Though his interests were mainly in quantum mechanics, Ginzburg would nonetheless become an inspirational figure to many young physicists drawn to Einstein’s theory in the early 1960s. Listening to him, the twenty-eight-year-old Roy Kerr understood that “cracking Einstein’s code” was indeed the challenge he should ply with his mathematical talents—a task that would soon bring him to that fateful day sitting next to Alfred Schild in his smoke-filled office.

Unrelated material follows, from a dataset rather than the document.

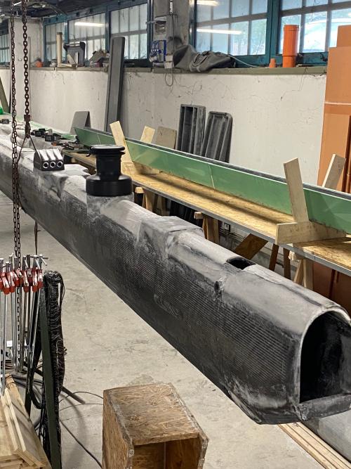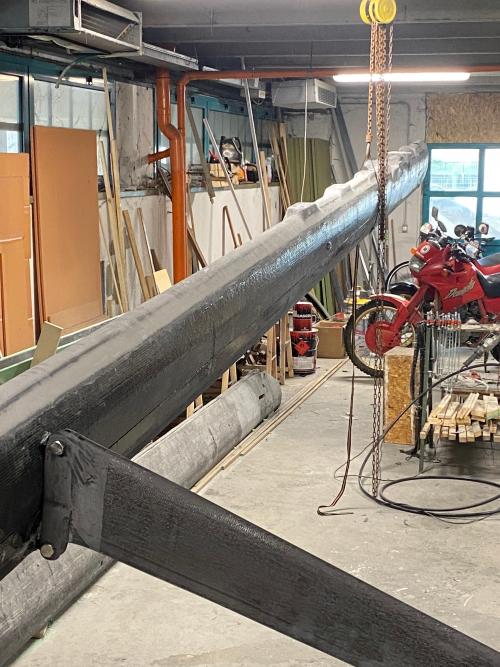 Se il tempo migliora dovrei verniciare il primo galleggiante, poi si rincomincia per finire le travi del secondo.

But the story begins well before Kerr’s arrival in Texas, even before Einstein himself, in fact. Musings concerning the nature of space and the meaning of time began to appear thousands of years earlier, in places such as the Greek colony of Elea in southern Italy. Before we explore the evolution in Einstein’s thinking that led to his theory of general relativity, and the inspired work that followed during its golden age, we will therefore begin by tracing some of the incipient thinking that led to the problem in the first place. Our journey commences in the fifth century BC with the Greek philosopher Zeno, a man clearly far ahead of his time. Zeno realized even back then that the notion of an absolute space independent of time was paradoxical—anticipating by several thousand years the eventual unification of the two into the structure we now refer to as simply spacetime.

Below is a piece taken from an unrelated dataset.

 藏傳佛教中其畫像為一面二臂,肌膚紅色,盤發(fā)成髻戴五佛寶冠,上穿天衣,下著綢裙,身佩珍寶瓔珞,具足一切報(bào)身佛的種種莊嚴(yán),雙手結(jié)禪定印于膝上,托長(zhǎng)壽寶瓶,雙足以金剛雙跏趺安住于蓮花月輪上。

This post is in memory of pioneering black hole researcher Doctor Robert Hamilton Boyer (December 11, 1932 to August 1, 1966), picture below, who was killed by Charles Whitman on August 1, 1966. He was only 33 when he was murdered. Mr. Boyer was a former mathematics instructor at the University of Texas at Austin and a Rhodes Scholar. He had just completed a month of teaching in Mexico. He was visiting friends in Austin, and was on his way to Liverpool University, where he would have taught applied mathematics and be nearer to his pregnant wife Lyndsey and their children. Upset by a national airline strike, Boyer left his friends' house to buy a train ticket. On his way, he was to stop at the Main Building to take care of some last-minute business. He was shot in the back and died immediately:
Subscribe to:
Post Comments (Atom)
An interesting discussion is worth comment. I do think that you ought to publish more
ReplyDeleteabout this subject matter, it may not be a taboo subject but generally people
do not talk about such issues. To the next!
Many thanks!!
my weblog :: energy engineering
This comment has been removed by the author.